Pinguini Tattici Nucleari singles chronology
| "La storia infinita" (2020) | "Scooby Doo" (2020) | "Ferma a guardare" (2021) |

Music video
- "Scooby Doo" on YouTube

= Scooby Doo (song) =

"Scooby Doo" is a song by Italian pop rock band Pinguini Tattici Nucleari. It was released by Sony Music on 13 November 2020 as the second single from the band's EP Ahia!.

The song talks about the difficulties of interpersonal relationships, and about the masks we wear to accommodate conformism. The title is a reference to the American animated series of the same name. The chorus invites you to "take off your mask like in Scooby-Doo".
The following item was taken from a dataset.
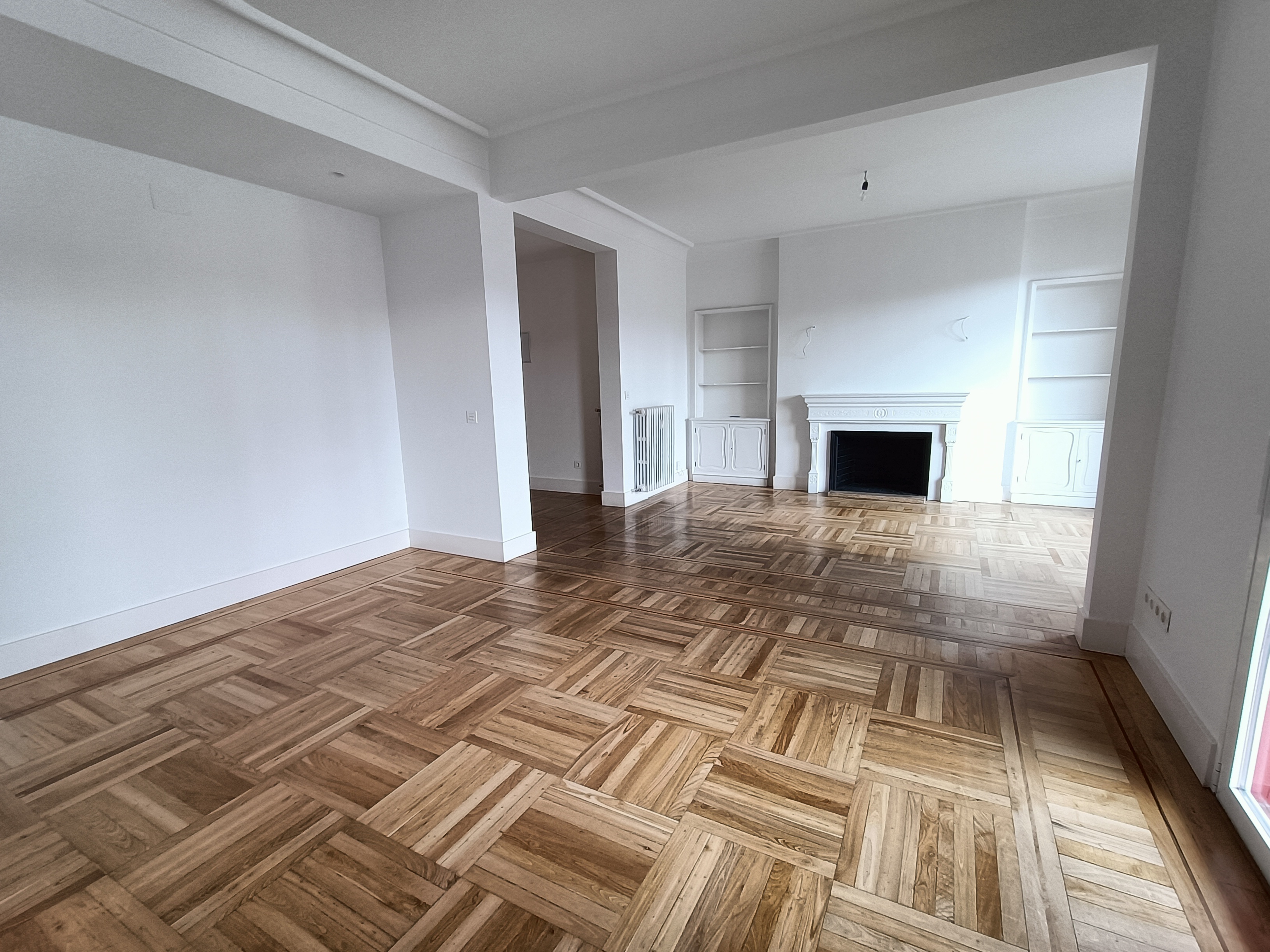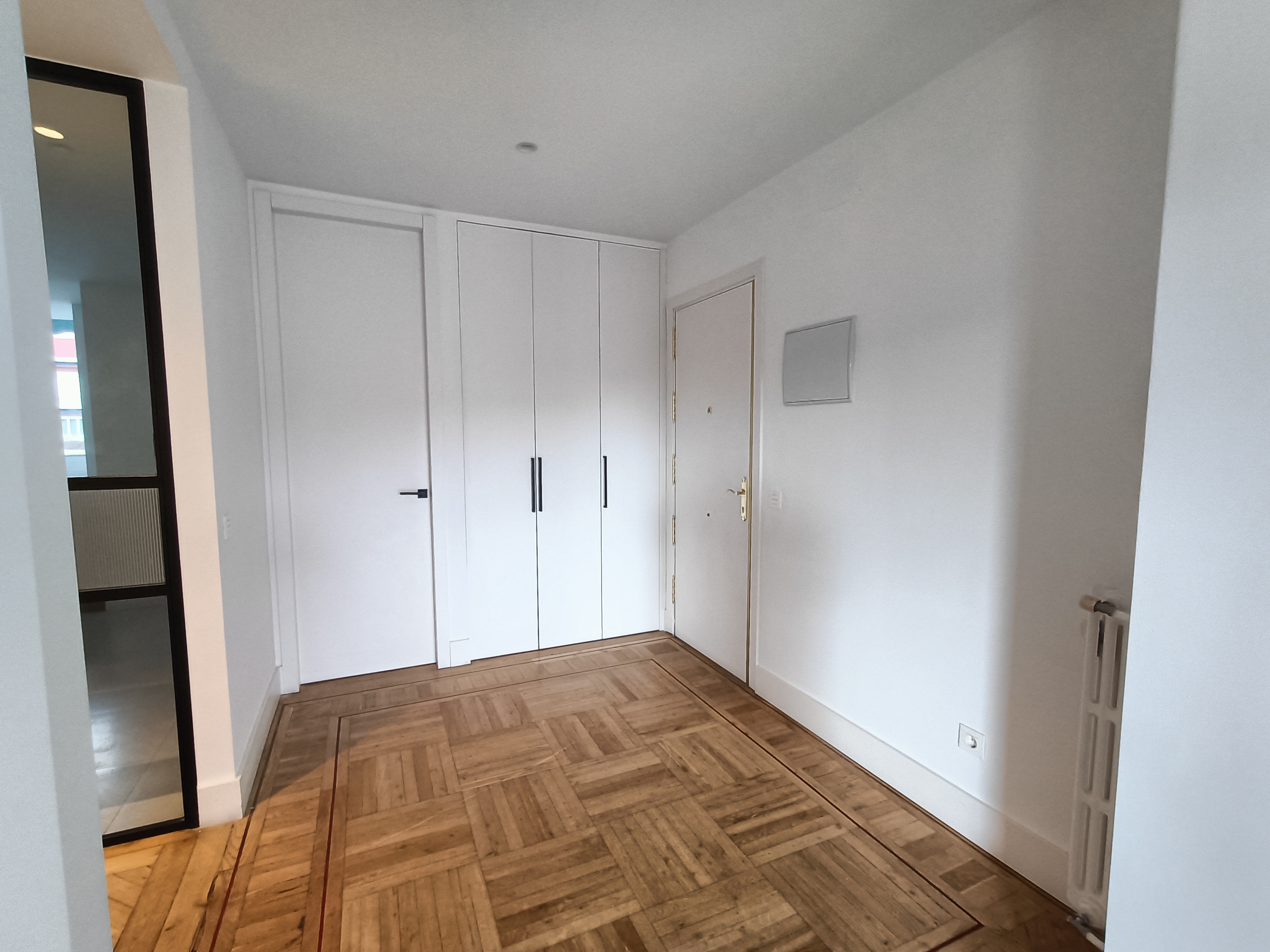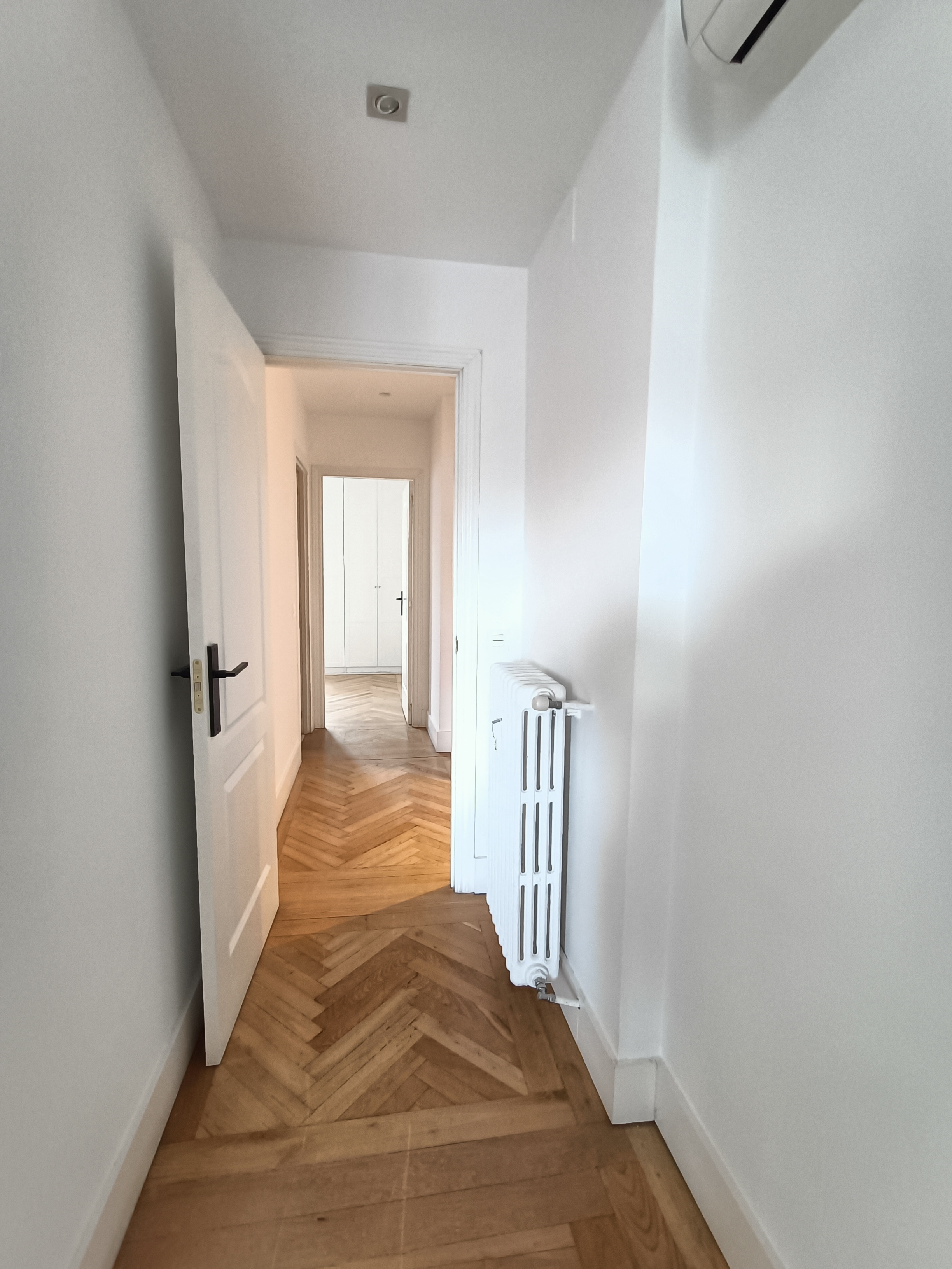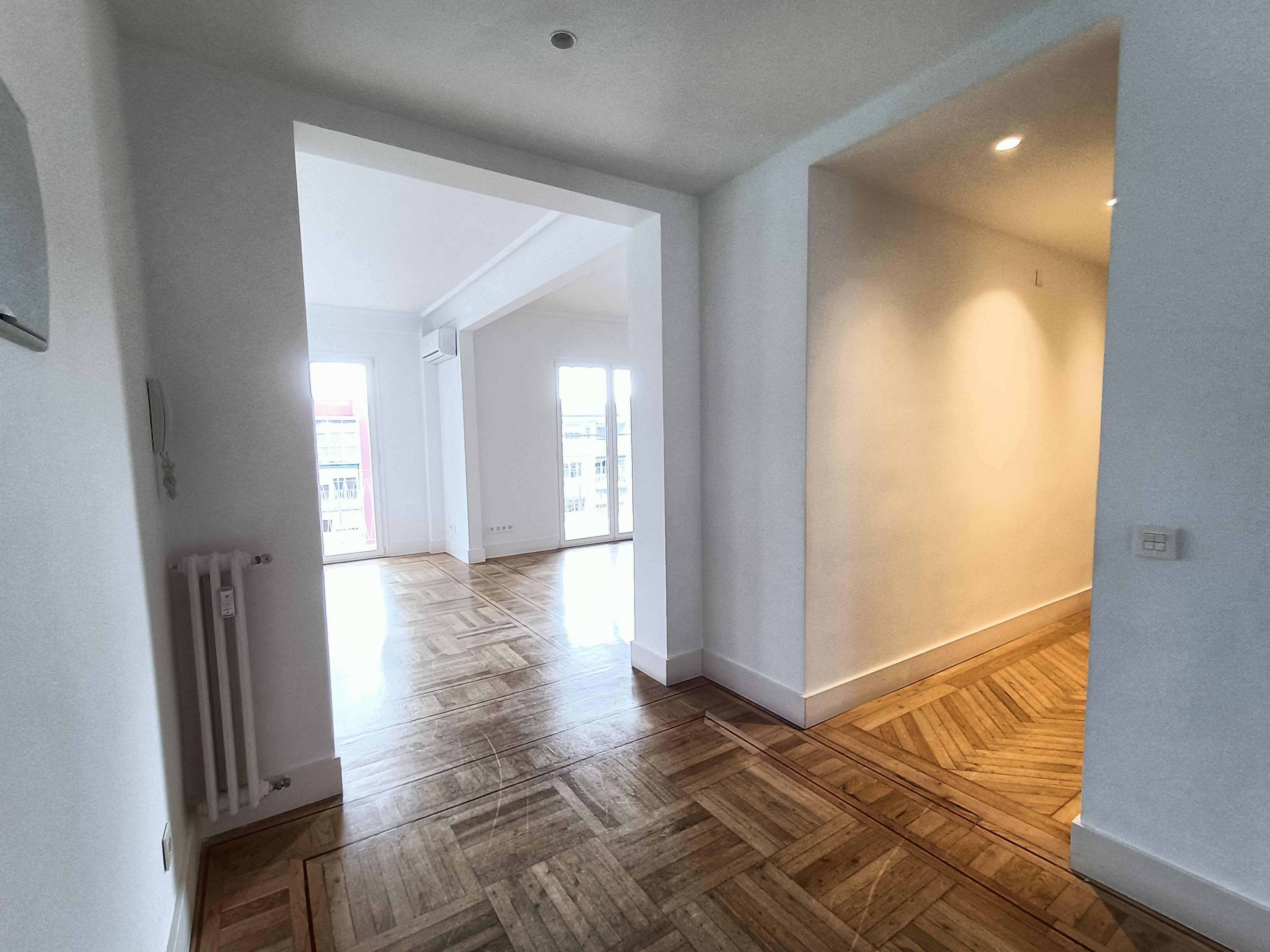 La vivienda se alquila sin amueblar y ha sido reformada recientemente, con suelos de tarima, aire acondicionado en toda la casa, calefacción y agua caliente centrales, y ascensor en el edificio.

The song peaked at number 2 on the Italian singles chart and was certified quadruple platinum in Italy.

==Charts==

===Weekly charts===

Weekly chart performance for "Scooby Doo"
| Chart (2020–2021) | Peak position |
|---|---|
| Italy (FIMI) | 2 |
| Italy Airplay (EarOne) | 4 |

===Year-end charts===

2021 year-end chart performance for "Scooby Doo"
| Chart | Position |
|---|---|
| Italy (FIMI) | 32 |

==Certifications==

| Region | Certification | Certified units/sales |
| Italy (FIMI) | 4× Platinum | 400,000^{‡} |
^{‡} Sales+streaming figures based on certification alone.